You should just experiment with different things, you aren't going to get anywhere directly asking for what kind of baits to use, especially at a paylake. I am not trying to sound like an @$$, but thought you might try another tactic.


----------



## riverKing (Jan 26, 2007)

take a float rig, drop it down until you reach the bottom and then pull it up a foot or two, fish with a crawler, move it around until you find fish, past that stick with bluegills.
I dont think bait matters that much...some guys swear one thing works better than another in paylakes, I have caught them on just about everything. swimbaits work really well if there are any rocks around btw


----------



## lordofthepunks (Feb 24, 2009)

if there are indeed "fat cats" in this pay lake then use some large live bait, especially if you want to catch a monster shovelhead. 6" to 8" goldfish, 8" creek chubs, blugill(i think its illegal but nothing beats a lively gill). ive done a ton of shovelhead fishing over the years and honestly the best rigs to use are heavy braided line with a 1oz slip sinker tied above a barrel swivel then tie on about 20" of heavy mono as a leader with a 4/0 hook. think of it like a heavy duty carolina rig. it allows the bait to swim somewhat freely. as far as gear goes, get a decent baitcaster with a bait clicker on it, a heavy action 7' rod (despite what you see and people tell you, you dont need one of those ocean style broomstick rods). tie on one of those huge creek chubs or one of your pet gold fish and hold on! if your wanting to catch blues or channels then take those same creek chubs or bluegills and cut them up. or try the always trustee but expensive, shrimp. also chicken liver never fails to deliver tons of bites.


----------



## 01mercLS (Oct 28, 2006)

I use to fish fat cats paylake pretty heavily about a year ago.
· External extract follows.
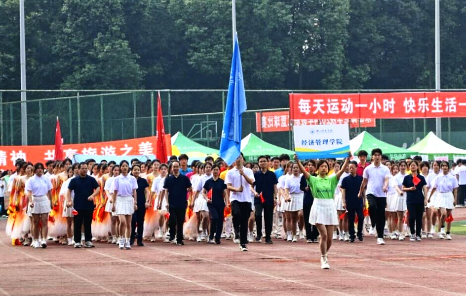 25日上午8点30分,运动会开幕式开始。经济管理学院党委书记郭晓黎,党委副书记、纪委书记丁敏娜,副院长罗富民、吴耀国等8名教师带领经管学院代表方队,以整齐划一的步伐,精神抖擞地走向主席台。他们喊着“经世济民,互利共赢,精益求精,属我最行”的响亮口号,在背景音乐下,以朝气蓬勃的身姿、充满活力的精神面貌进行方阵表演,展现出经济管理学院青年人意气风发的活力。

The baits I perfer is live bluegill, goldfish, if you are fishing bottom I use shad. The owner used to tell me what people catch the cats on and honestly a lot of people were catching the big ones on nightcrawlers. I havent fished it in a year now, but just fish the lake see what the fish are bitting on. You really dont know what they are bitting on if you dont go fish. It is a very good pay lake and the owner is a nice guy. Good luck.


----------



## Catman63 (Aug 25, 2008)

lordofthepunks said:


> if there are indeed "fat cats" in this pay lake then use some large live bait, especially if you want to catch a monster shovelhead. 6" to 8" goldfish, 8" creek chubs, blugill(i think its illegal but nothing beats a lively gill). ive done a ton of shovelhead fishing over the years and honestly the best rigs to use are heavy braided line with a 1oz slip sinker tied above a barrel swivel then tie on about 20" of heavy mono as a leader with a 4/0 hook. think of it like a heavy duty carolina rig. it allows the bait to swim somewhat freely. as far as gear goes, get a decent baitcaster with a bait clicker on it, a heavy action 7' rod (despite what you see and people tell you, you dont need one of those ocean style broomstick rods). tie on one of those huge creek chubs or one of your pet gold fish and hold on! if your wanting to catch blues or channels then take those same creek chubs or bluegills and cut them up. or try the always trustee but expensive, shrimp. also chicken liver never fails to deliver tons of bites.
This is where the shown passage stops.